A mental model that actually helps
Here's how I think about it. A bare LLM is like a very well-read consultant who hasn't been in the office for a year. They know a lot. They can reason about almost anything. But they don't know what's happened recently, and they've never seen your specific situation.
RAG is the briefing you hand them before the meeting.
A good briefing is short, relevant, and well-organized. A bad briefing is a stack of unfiltered documents that buries the important stuff. Most of the engineering effort in a real RAG system goes into making sure the briefing is good: chunking documents sensibly, picking the right retrieval strategy, ranking results, deciding how much context to include.
The LLM is rarely the bottleneck. The retrieval is.
What to take away
RAG is the dominant pattern for getting language models to work with information they weren't trained on, whether that's last week's news, your company's internal docs, or a programming library that didn't exist when the model was built [Source 1]. The basic version is simple: retrieve relevant documents, hand them to the model, generate an answer.

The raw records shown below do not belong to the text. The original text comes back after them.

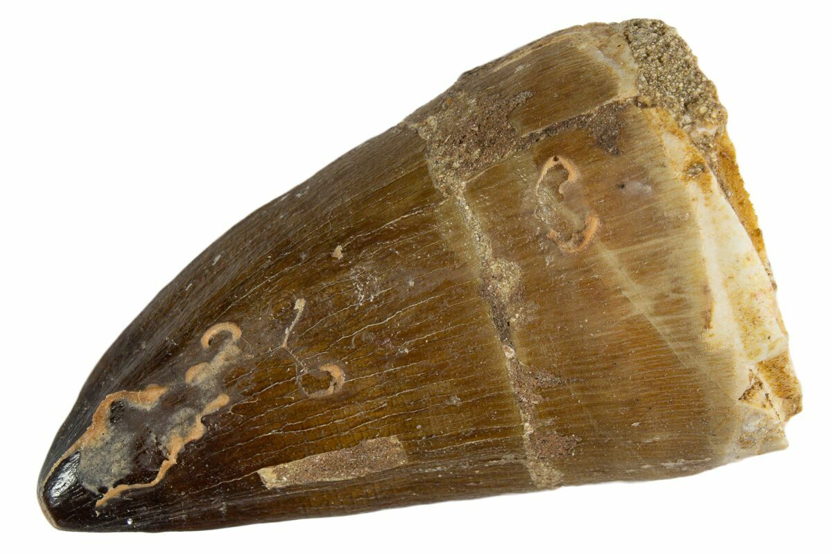 This is a 1.9" fossil prognathodontid mosasaur tooth from the Upper Cretaceous phosphate deposits in the Oulad Abdoun Basin of Morocco.
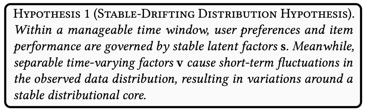 一般情况下,可以假定参与到推荐系统“协同过滤”过程的用户,是“理性”和“感性”掺杂的个体,但多数情况下理性占主导,尤其是电商场景,涉及到真实交易支付。一个商品的质量等本质属性不会突变,所以不会今天畅销、明天滞销、后天又畅销;同样,一个用户,也可以认为其文化背景、生活环境、年龄履历、经济状况,不会经常突变。因此,论文认为,这个稳定的均值代表参与到推荐系统的对象(用户和物品)的“稳定内核”,而横持续跳着的“方差”,则是由各种因素带来的“干扰”,例如社交媒体的流行趋势、热点讯息、用户不定期的访问习惯、广告促销、系统Bias和不确定性等等。
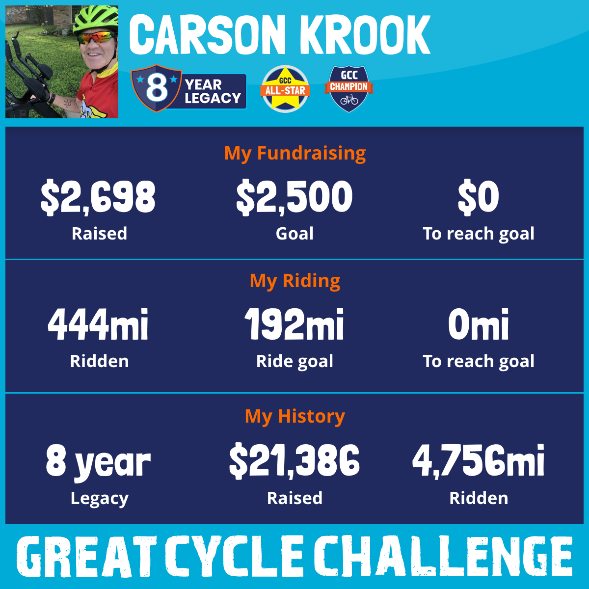 I've signed up for the 2025 Great Cycle Challenge--my 8th year. My goal this year is to pedal 192 miles throughout the month.
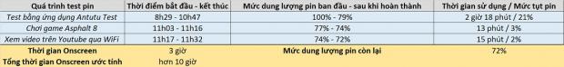 Để kiểm nghiệm chính xác hơn, người viết còn tiến hành một thử nghiệm khác, đó là chơi thử Asphalt 8, một game đua xe nổi tiếng và khá “nặng nề” trên nền tảng Android, với mức độ sử dụng hiệu năng phần cứng cao và có nhiều chuyển động đồ họa liên tục. Kết quả thu được rất ấn tượng, khi sau 13 phút chơi game liên tục, mức dung lượng pin chỉ giảm 3%, từ 77% xuống 74%. Tiếp theo, thử nghiệm bật xem một video 360p trên ứng dụng Youtube qua kết nối WIFi cho kết quả dung lượng pin chỉ giảm 2%, từ 74% xuống 72% trong suốt 15 phút.

The interesting work is happening in the variants. Retrieval that evolves with the generation [Source 3]. Retrieval that operates step-by-step inside an image [Source 2]. Retrieval that pulls from multiple knowledge sources at once [Source 3]. The core idea (let the model look things up instead of memorizing everything) keeps generalizing to new domains.
If you're building anything that needs an LLM to work with specific or current information, you'll almost certainly end up with some form of RAG in your stack. It's worth understanding the basic shape before you start tuning the details.